◆ Data section:
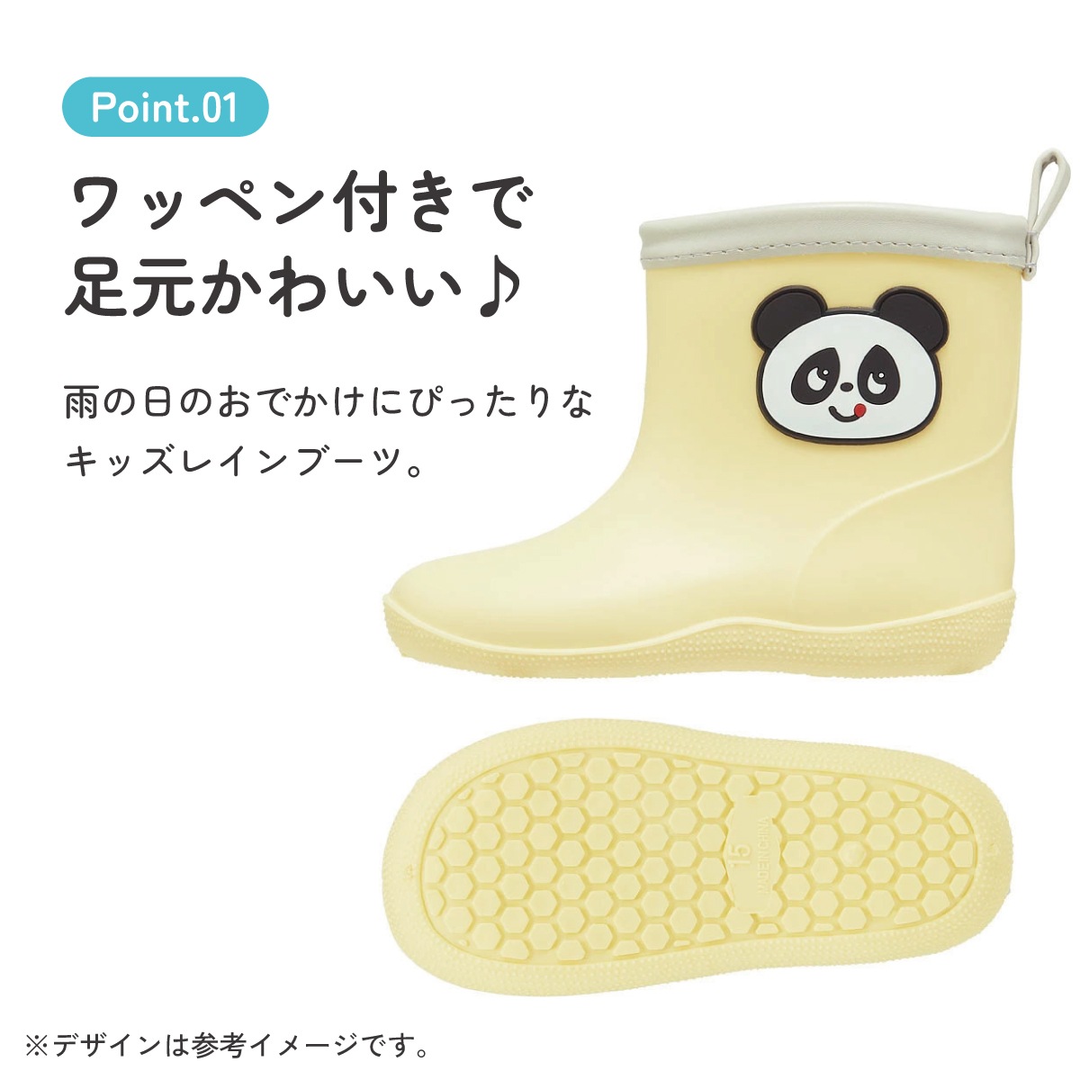 ワッペン 付き レインブーツ 長靴 キッズ 子供 15cm おしゃれ かわいい スケーター skater RIBTW15 ゴパン パンダ パンダ柄 ぱんだ 男の子 女の子
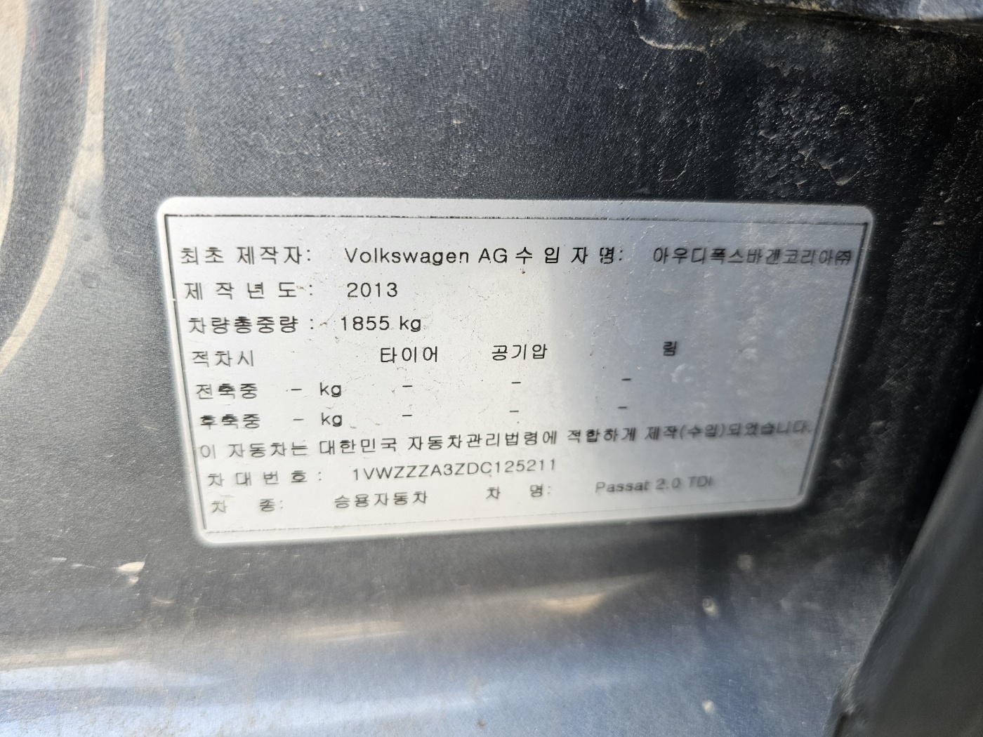 2013 Volkswagen The New Passat 2.0 TDI (S/N: 125211)
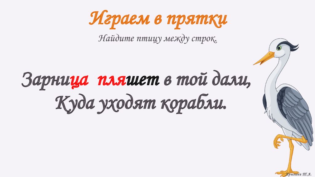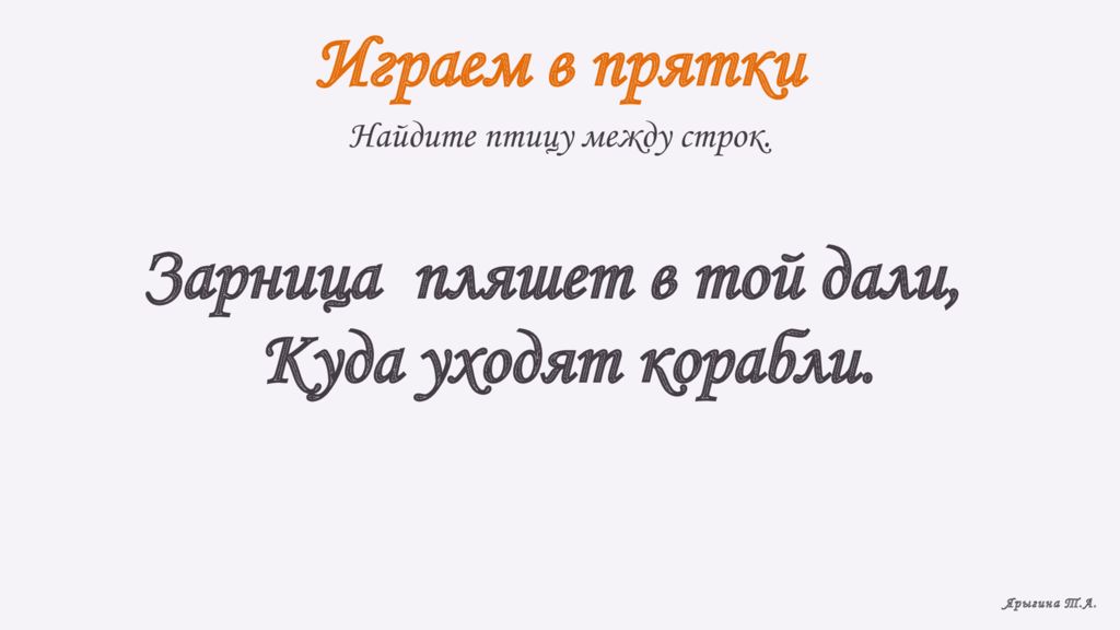 Играем в прятки Найдите птицу между строк. Зарница пляшет в той дали, Куда уходят корабли. Ярыгина Т.А.

◆ What is expected:
Once the pictures have been removed, reproduce each line of the material above exactly.

◆ Exercise output:
 ワッペン 付き レインブーツ 長靴 キッズ 子供 15cm おしゃれ かわいい スケーター skater RIBTW15 ゴパン パンダ パンダ柄 ぱんだ 男の子 女の子
 2013 Volkswagen The New Passat 2.0 TDI (S/N: 125211)
 Играем в прятки Найдите птицу между строк. Зарница пляшет в той дали, Куда уходят корабли. Ярыгина Т.А.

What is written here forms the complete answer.